From: Secure Futures, LLC
The solar industry continues as the fastest growing industry in the U.S. and distributed generation represents a vital part of that growth. “Distributed generation” refers to small-scale distributed solar photovoltaic (PV) systems, such as those found on residential and commercial rooftops, that produce energy where it is used.
Neighboring states have embraced the solar industry and as a result, are experiencing dramatic economic growth in jobs, private investment and tax revenue. Unfortunately, Virginia is missing out on these economic opportunities. The Commonwealth remains one of the most restrictive energy markets in the country, stifling the development of distributed generation and discouraging investment.
Solar projects developed by Secure Futures, along with its local community partners in Virginia, validate the economic potential of distributed generation to the state economy and Virginia consumers. Policymakers in Virginia should allow distributed generation to compete in Virginia’s restricted energy market.

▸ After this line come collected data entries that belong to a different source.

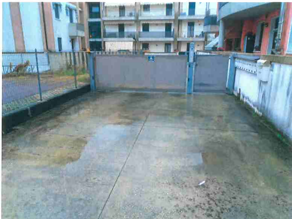
Foto 1 Vista del cancello di ingresso.
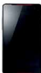
Terminal lliure Hisense U966B Negre 5"
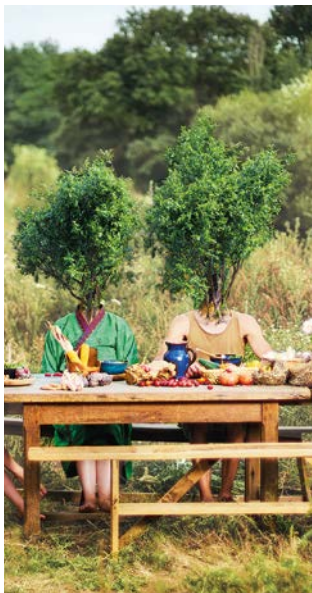
Mon Palais est un paysage ©Denis Rochard
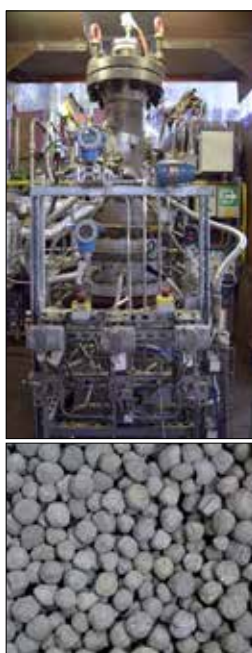
Installation pilote de thermo-conversion HUGO en configuration de "réduction directe" et DRI produit dans le réacteur HUGO

Bien que l'objectif premier soit d'éviter les émissions de CO 2 , la capture du CO 2 sur les fumées industrielles, suivie de la purification et enfin de l'utilisation et/ou du stockage du CO 2 pur, devrait rester une voie importante. C'est pourquoi nous sommes en train de mettre à niveau une installation pilote semi-industrielle de capture du CO 2 basée sur la technologie d'absorption dans un solvant aminé, capable de traiter jusqu'à 1.000 Nm 3 /h de gaz de combustion. Nous offrons ainsi à nos partenaires industriels un outil pour évaluer la technologie d'absorption du CO 2 à grande échelle pour leur application et les aider à atteindre leurs objectifs de réduction des émissions de CO 2 . Le développement de ce pilote se fait en parallèle avec le développement de deux autres installations pilotes de capture du CO 2 , l'une dédiée aux procédés d'adsorption (PSA, TSA, etc.) et l'autre qui sera mobile, pour être utilisée directement sur le site industriel de nos partenaires.

Current Status of Solar Energy in Virginia
According to the Solar Energy Industry Association, Virginia ranks last in the Mid-Atlantic region and in the bottom one-third of the country in terms of installed solar capacity, solar jobs and solar investments.
Solar projects come in a variety of sizes (kilowatts v. megawatts) ranging from large utility-scale to smaller-scale distributed generation commercial and residential projects. Utility-scale solar power plants require significant amounts of land, often located at greater distances from the customer.
As noted by the Brookings Institute, NREL and others, solar distributed generation offers many advantages:
Creates jobs in the local community.
Benefits the entire electric grid through reduced capital investment costs, avoided energy costs, and reduced environmental compliance costs.
Benefits consumers by providing affordable energy with long-term price stability. supports the U.S. supply chain using “Made in America” steel and panels.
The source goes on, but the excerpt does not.